C. L. Daniel was an American World War I veteran known for being the first victim of the Tulsa Race Massacre identified from remains exhumed from mass graves in Tulsa.

==Biography==
C. L. Daniel was born and raised in Newnan, Georgia to Thomas Daniel and Amanda Merriweather. His father died before 1910. He was drafted into the United States Army in 1918 during World War I and served until 1919. He was stationed at Camp Gordon in Chamblee, Georgia, during his military tenure with the 47th Company, 12th Training Battalion, and the 406th Rescue Labor Battalion, Company B. According to an anthropologist at the University of Florida, he spent 19 days in a base hospital for a possible leg injury.

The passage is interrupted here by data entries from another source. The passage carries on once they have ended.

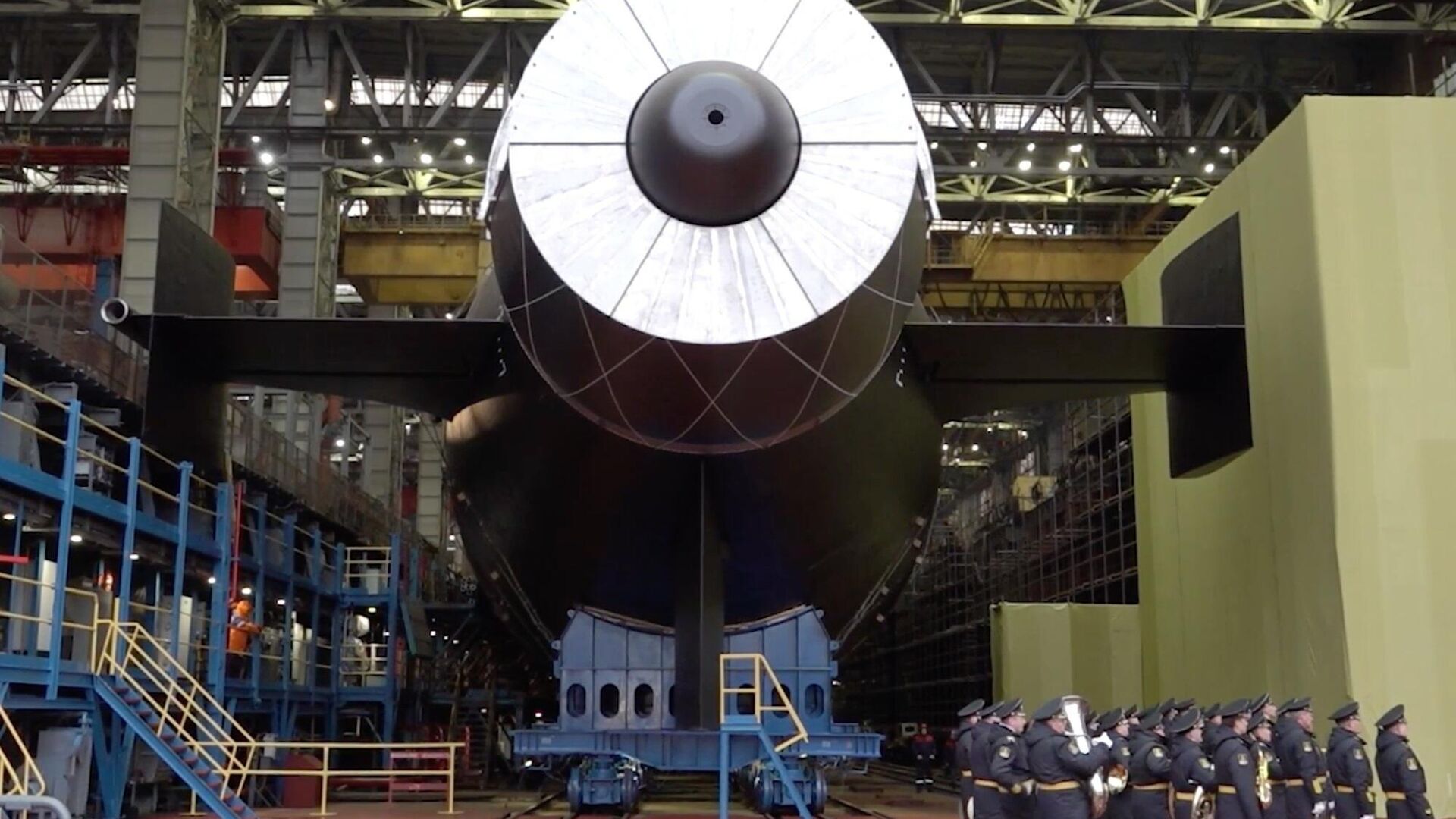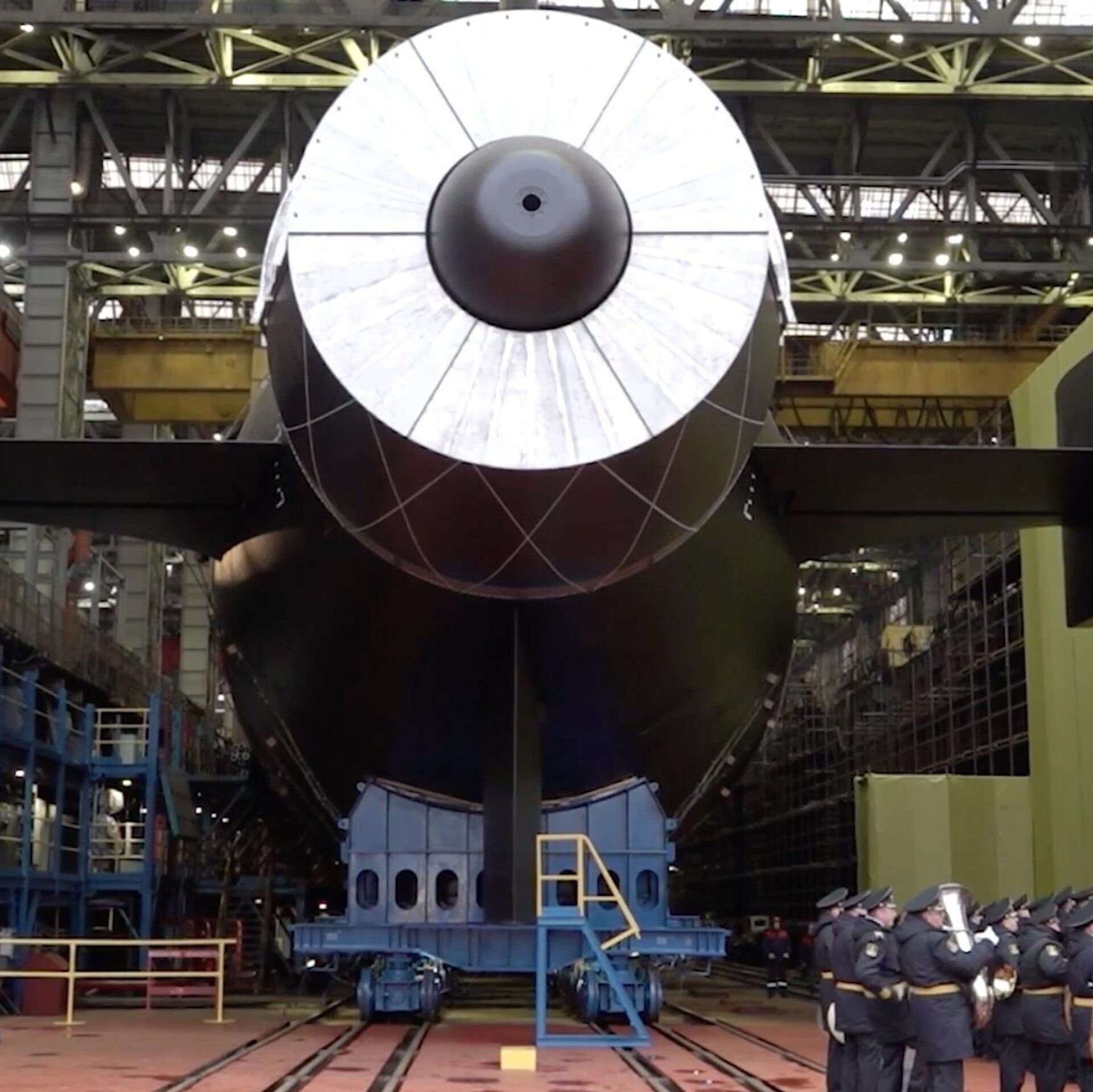 "Tại Severodvinsk, dưới sự chủ trì của Bộ trưởng Quốc phòng Nga Andrei Belousov, diễn ra buổi lễ hạ thủy tàu ngầm hạt nhân "Khabarovsk" từ ụ tàu tại xưởng đóng tàu "Sevmash", thông cáo viết.
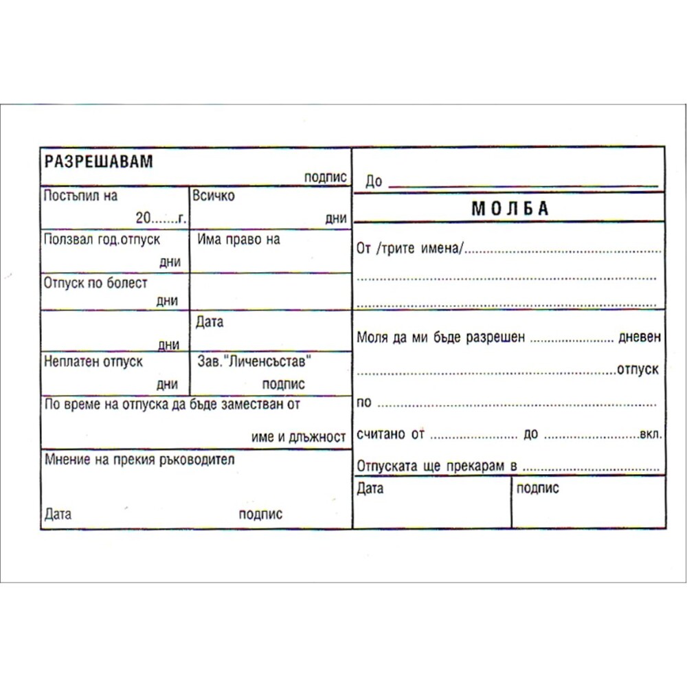 Молба за отпуск.Вестникарска хартия.Формат А6.
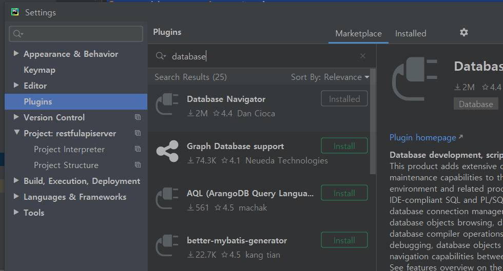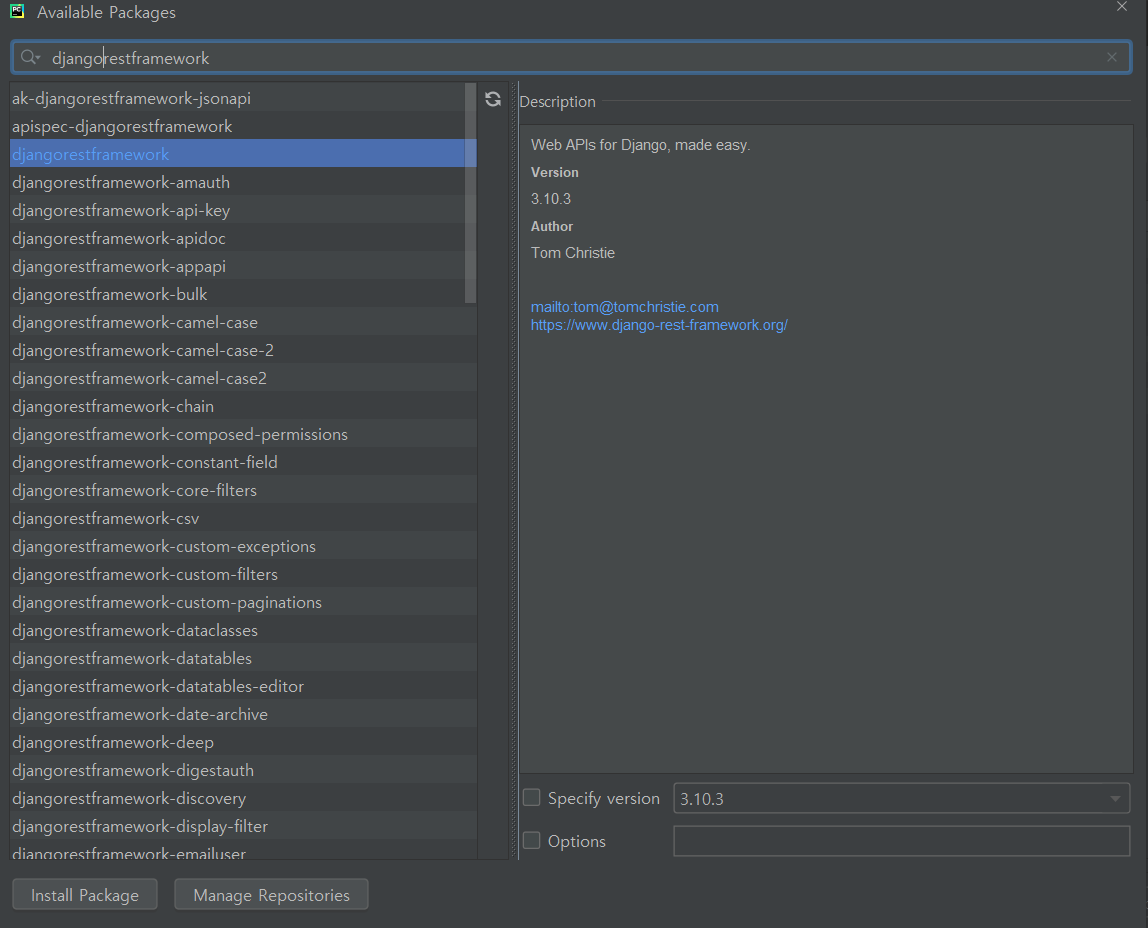 장고 프레임워크 중에 djangorestframework라는 훌륭한 프레임워크가 있습니다. 간단한 설정만으로 장고를 restful api 서버로 만들어주죠. 일반적인 패키지 설치와 똑같이 pip install djangorestframework로 쉽게 설치 가능합니다. 하지만 저희는 PyCharm을 쓰기 때문에 설정 메뉴에서 간단하게 설치 가능하죠!
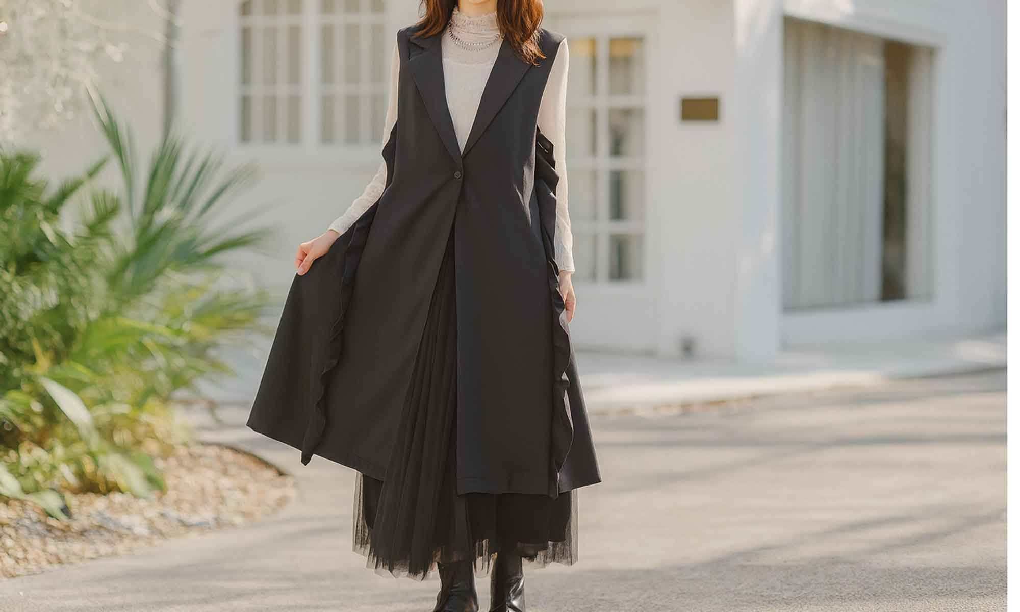 【フリーサイズ】サイドフリル テーラーベストワンピース|華やかモード・レイヤードに最適 BRILLANTE 201528 2025AW
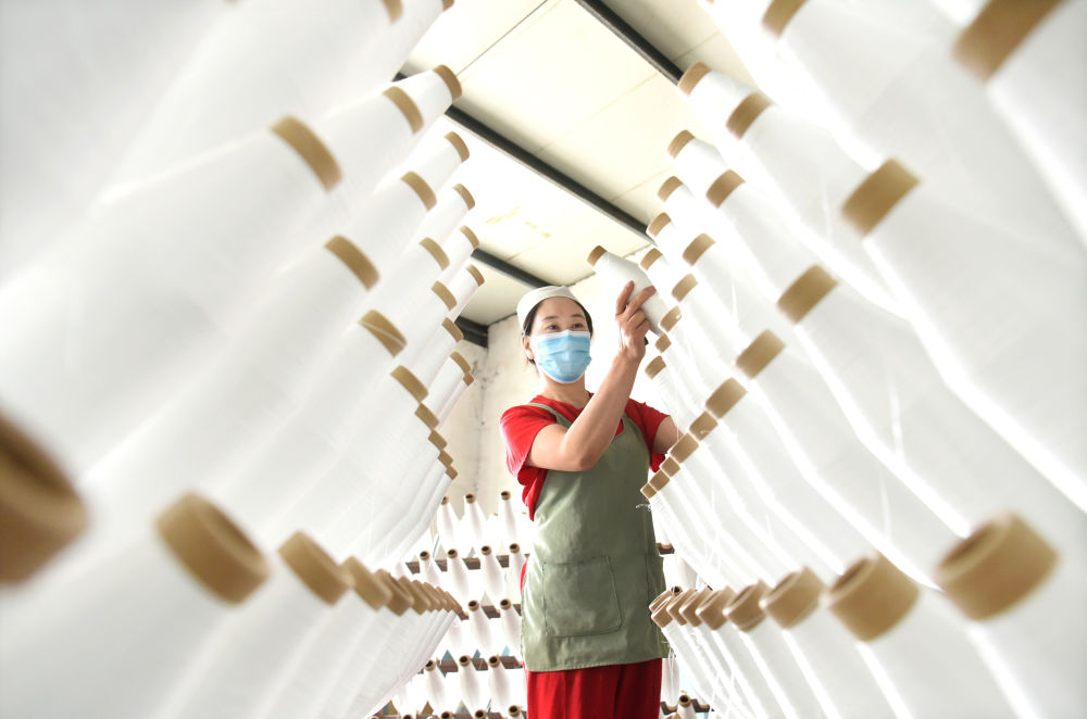 2024年5月1日,工人在山东省淄博市沂源县悦庄工业园一玻纤企业整理加工的产品。新华社发(赵东山摄)
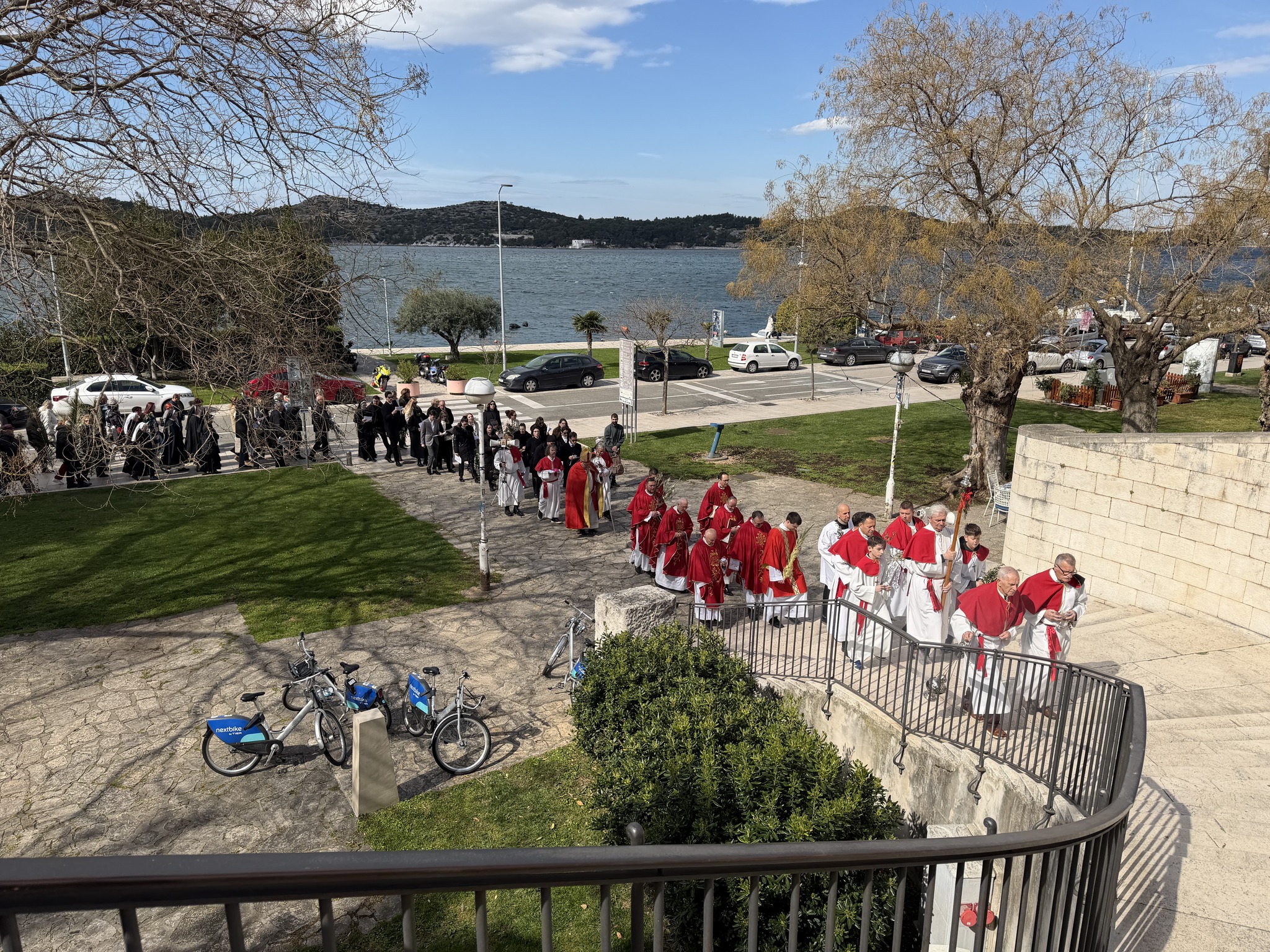 Nakon obreda blagoslova svečana procesija, predvođena šibenskim biskupom mons. Tomislavom Rogićem, krenula je prema katedrali sv. Jakova. Uz biskupa Rogića u koncelebraciji su bili umirovljeni biskup Ante Ivas i generalni vikar mons. Tomislav Subotičanec, uz sudjelovanje više svećenika i okupljenih vjernika.
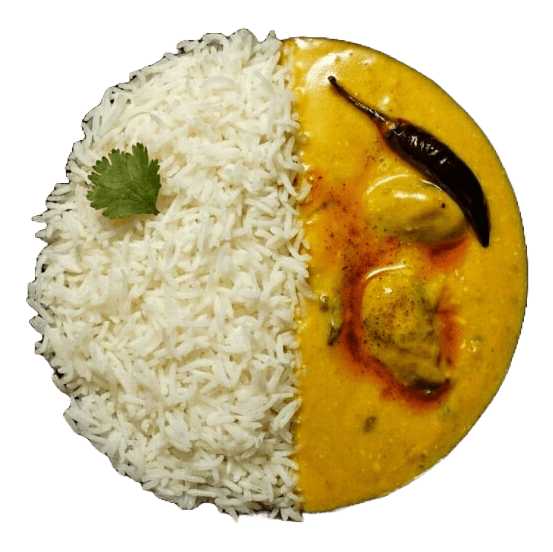Kadhi chawal is a popular dish originating from South Asia. Kadhi is prepared by mixing Curd, Besan and different spices. It usually has a thick consistency and contains fritters.
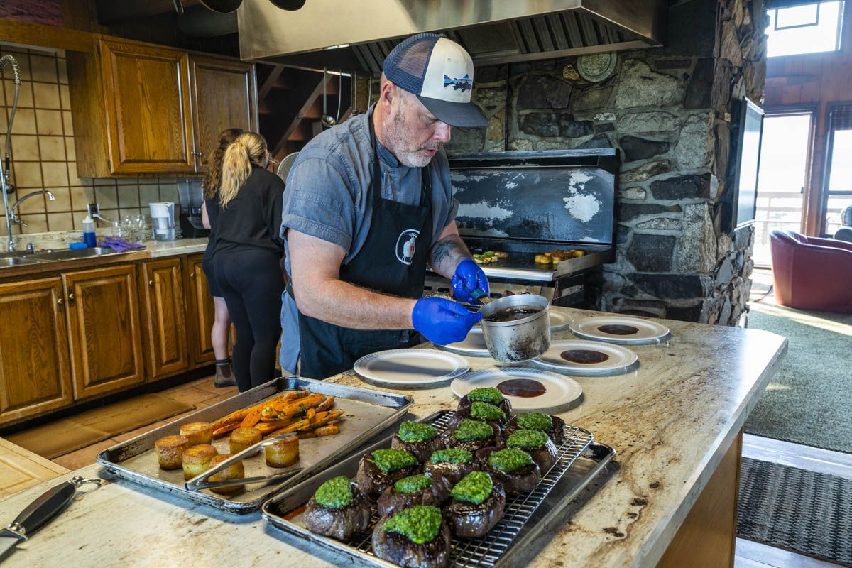 The dining room atmosphere is relaxed and sumptuous all at the same time. Meals are brought directly to your table while you relax and enjoy the panoramic views. Hearty delicious meals, specially prepared by the expert chef are presented daily with home baked breads, desserts, and the freshest of ingredients.

===Death and identification ===
After the war, Daniel traveled across the United States. He was on his way home to Georgia from Utah when he was killed in the Tulsa Race Massacre. In 2020, the city of Tulsa began exhuming suspected mass graves related to the massacre. In July 2024, Daniel was the first victim of the massacre exhumed from the graves positively identified. The city offered to help rebury Daniel according to his family's wishes. A memorial service was held in which the mayor of Tulsa G.T. Bynum eulogized Daniel and spoke of his relationship to his bereaved mother. A letter from his family was read: "Today represents more than a memorial for C.L. Daniel and those still resting in unidentified graves; it is a long-waited acknowledgement of the lives impacted by the massacre."